Japan overhauls buyout guidelines to protect minority shareholders

TOKYO (Reuters) - Japan’s trade ministry has overhauled guidelines for mergers and acquisitions to better protect minority shareholders in the case of management buyouts, a reform that comes amid a renewed focus on shareholder rights.

The recommendations, revised for the first time in 12 years, call for an independent committee to be set up by the target company in the case of management buyouts, to assess whether the deal is fair.

“Inevitably there is a conflict of interest between ordinary shareholders and corporate management in a transaction where management buys shares from other shareholders,” the Ministry of Economy, Trade and Industry (METI) said in the guidelines, published on Friday.

“Management can benefit directly by lowering the price it pays to shareholders who are the sellers.”

The independent committee should consist of outside directors as well as experts to review the terms of the transaction, the ministry said.

The guidelines should also apply to transactions where a company with majority control of an affiliate attempts to buy that affiliate, it said.

Under the guidelines, minority shareholders will be informed about how the independent committee was formed as well as of its review of the transaction, the ministry said, changes that will make transactions more transparent for minority shareholders.

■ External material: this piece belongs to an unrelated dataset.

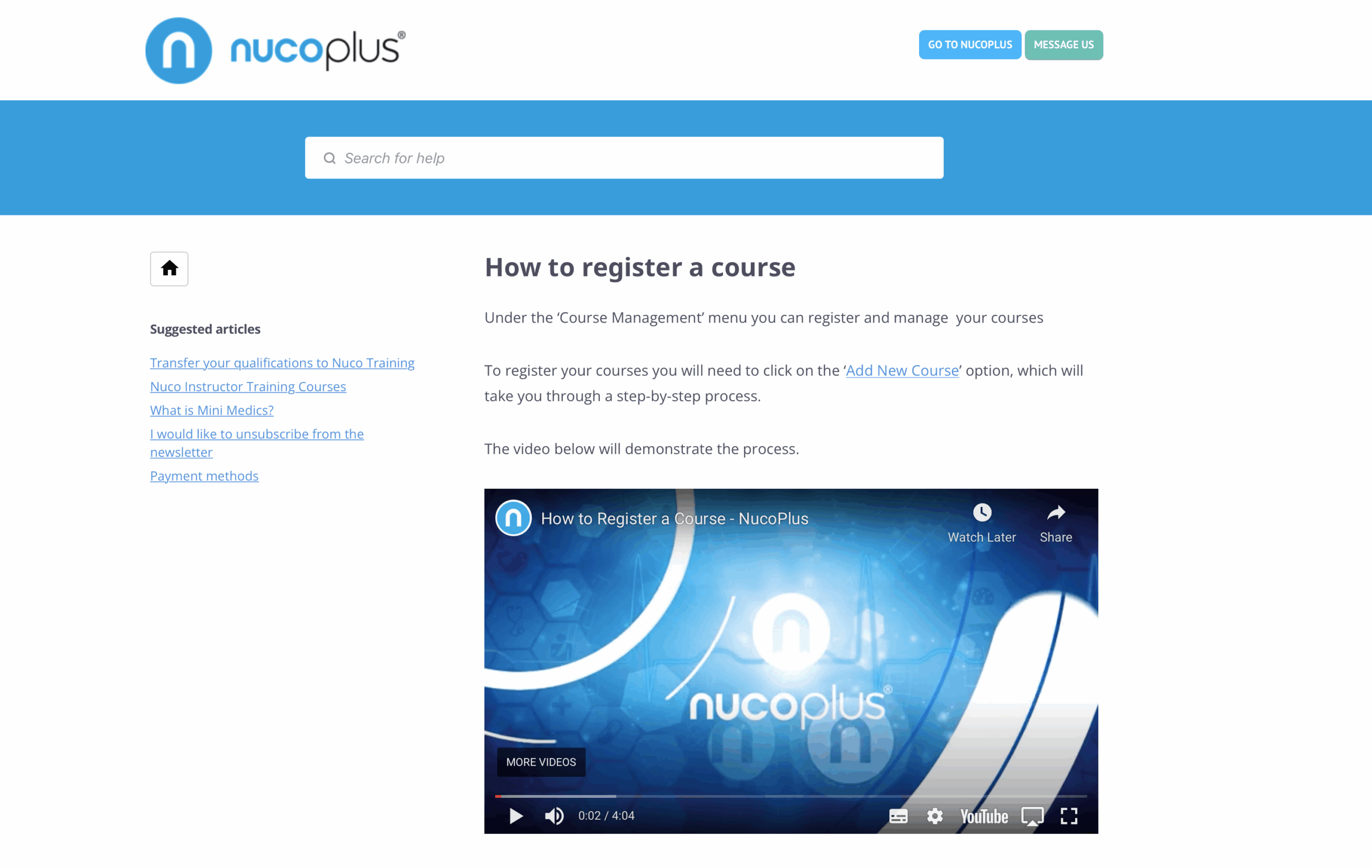When you are logged in to NucoPlus you can find everything you need by searching in the ‘Help Centre’ including how to register your courses and as this example shows, you can even find useful tutorial videos to guide you through the process.

Minority investors have been becoming more assertive in Japan, complaining about what they see as poor performance as well as returns from cash-hoarding firms, with Prime Minister Shinzo Abe advocating strengthening corporate governance.

But their rights are often ignored, given the longstanding practice of cross-shareholding, where firms hold stakes in each other to cement business ties.

The ministry’s overhaul comes as more Japanese companies are expected to sell down stakes in listed affiliates or allow them to go private.

Overseas investors have called for a reduction in so-called parent and child listings, where large firms have stakes in listed affiliates, sometimes several different listed affiliates.